The Complete Annotated Grateful Dead Lyrics by David G. Dodd
Author:David G. Dodd
Language: eng
Format: epub
Publisher: Free Press
In 1972, Bobby decided he wanted to make the solo album that became Ace. When he entered the studio in early February, he brought an odd lot of material, most of it germinative. We had spent some of January in my isolated Wyoming cabin working on songs, but I don’t believe we’d actually finished anything. I’d come up with some lyrics (for “Looks Like Rain” and most of “Black-Throated Wind”). He worked out the full musical structure for “Cassidy,” but I still hadn’t written any words for it.
Most of our time was passed drinking Wild Turkey, speculating grandly, and fighting both a series of magnificent blizzards and the house ghost (or whatever it was) that took particular delight in deviling both Weir and his malamute dog.
(I went in one morning to wake Bobby and was astonished when he reared out of bed wearing what appeared to be blackface. He looked ready to burst into “Swanee River.” Turned out the ghost had been at him. Weir had placed a 3 A.M. call to the Shoshone shaman Rolling Thunder, who’d advised him that a quick and dirty ghost repellant was charcoal on the face. So he’d burned an entire box of Ohio Blue Tips and applied the results.)
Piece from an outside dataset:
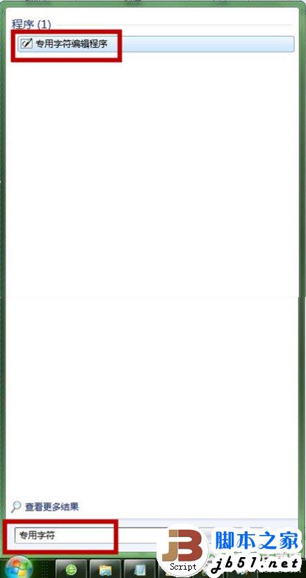 第一步、 点击开始按钮,在搜索程序栏里面输入“专用字符编辑程序”,并按下“回车键”即可打开“专用字符编辑程序”。

I was still wrestling with the angel of “Cassidy” when Bobby went back to California to start recording basic tracks. I knew some of what it was about . . . the connection with Cassidy Law’s birth was too direct to ignore . . . but the rest of it evaded me. I told him that I’d join him in the studio and write it there.
Then my father began to die. He went into the hospital in Salt Lake City and I stayed on the ranch, feeding cows and keeping the feed trails open with an ancient Allis-Chalmers bulldozer. The snow was three and a half feet deep on the level and blown into concrete castles around the haystacks.
Bobby was anxious for me to join him in California, but between the hardest winter in ten years and my father’s diminishing future, I couldn’t see how I was going to do it. I told him I’d try to complete the unfinished songs, “Cassidy” among them, at a distance.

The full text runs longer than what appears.